Protein/100g from the products on the rewe online store:

Vegan Nuggets: 9, 11, 3x13, 15, 17

Chicken Nuggets: 2x12, 13, 2x15, 16

Beef Burger: 17, 2x18

Vegan Burger: 10, 13, 2x14, 3x17

Salami: 3x21, 22, 23, 24, 25, 26

Vegan Salami: 2x8, 29, 32, 2x33

Reguarding DIAAS, soy and pea protein seem to be the most used and have 0.89 and 0.82 DIAAS respectively.

1 comments

This depends on dietary preferences. I prefer not to touch processed stuff, vegan or not, because that also introduces a million other new health issues and variables. For instance even with something as simple as pea protein you're looking at countless viable issues depending on exactly how it was processed.

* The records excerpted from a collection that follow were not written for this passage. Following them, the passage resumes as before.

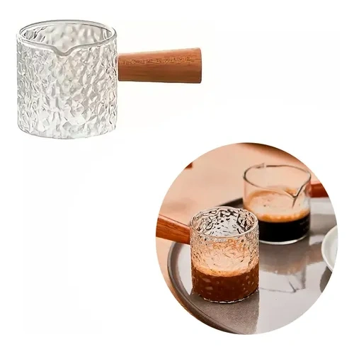 Taza De Leche Vidrio 100ml Jarrita Cafe Mango Madera Mt09050
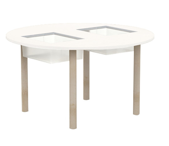 Mesa con cubetas. Cuenta en su parte superior con dos cubetas, diseñada para que los niños jueguen, experimenten e interactuen. Posibilidad de escoger otros colores para las cubetas. Patas de madera de haya de Ø50 mm. con acabado en barniz al agua, ecológico y no tóxico, ensambladas mediante sistema de roscado sobre base metálica. Radio de curvatura 6 mm. en las partes susceptibles de choque por seguridad. Dimensiones: · Diámetro de 110 cm. · Altura: Talla 1, 46 cm. El mobiliario se pide por encargo y no es susceptible de devolución. Para casos excepcionales consultar condiciones. Mesa sens. cubetas Ø110 cm T1 patas Madera/Blanco
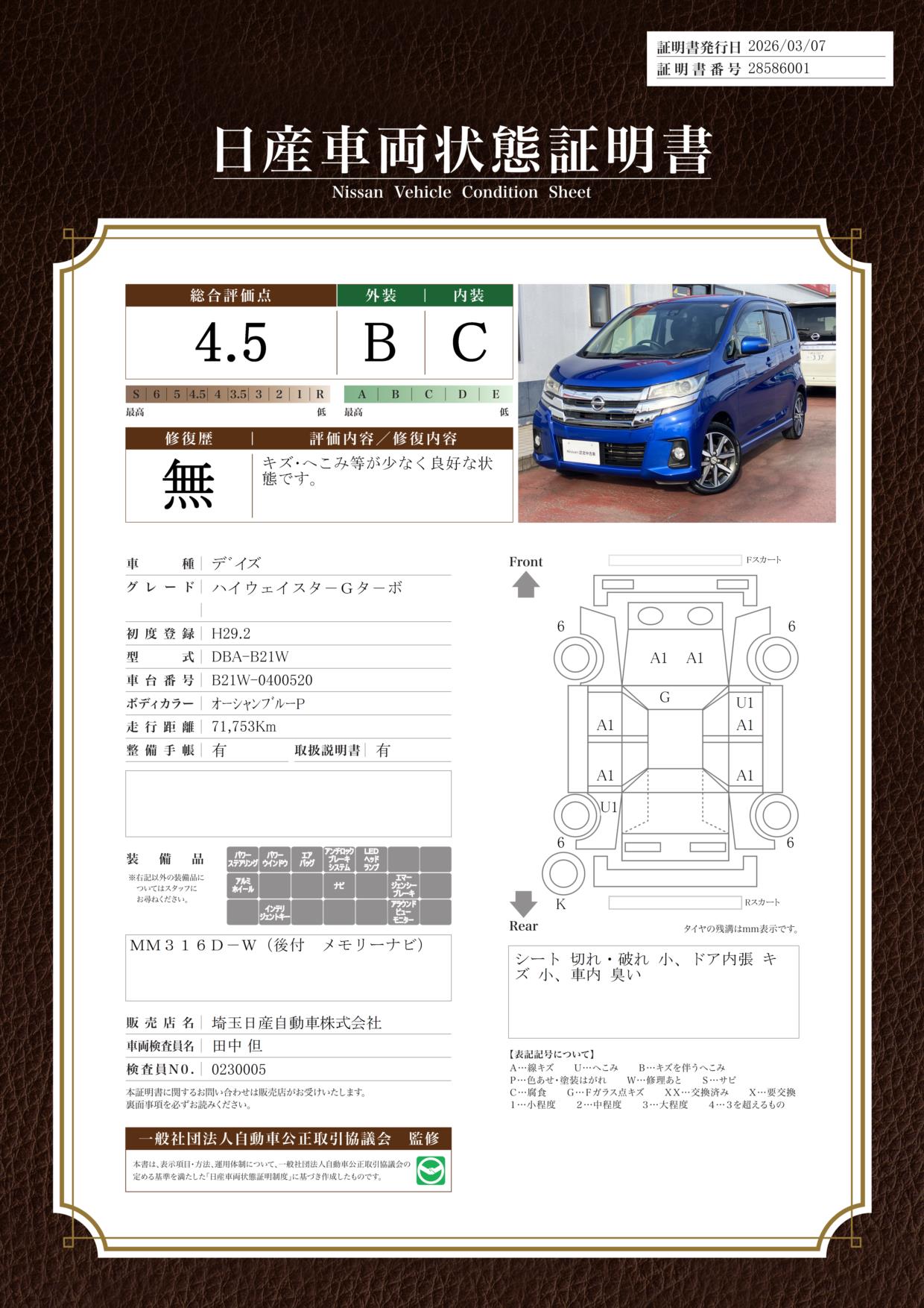厳しい審査をクリアした日産プレミアム認定中古車を多数展示中です!全車、全国の日産ディーラーで対応出来る日産ワイド保証付きなので安心です♪今注目の日産の軽自動車★デイズ&ルークスの当社社用車アップ!低燃費で軽快な走り☆ノートの社用車アップ!ミニバンNo1セレナの試乗車アップ入荷中!当店スタッフがイチ押しの特選車もご用意しております★只今『埼玉日産☆大決算フェア』開催中!記念品のご用意もございますのでぜひご来店ください!お待ちしてます(^^)/【3月定休日】3・4・10・11・17・18・24・25・31日

There's an entire paper on it here. [1] That paper is painfully unreadable and I link to it only to emphasize the complexities involved in processing food.

My issue is pretty simple. A quick look around the world today, compared to how things were not that long ago, shows we're probably not only moving way too fast in terms of changing what we consume, but we also seem to be going very much in the wrong direction. So my main focus in diet is sticking with what worked in the past.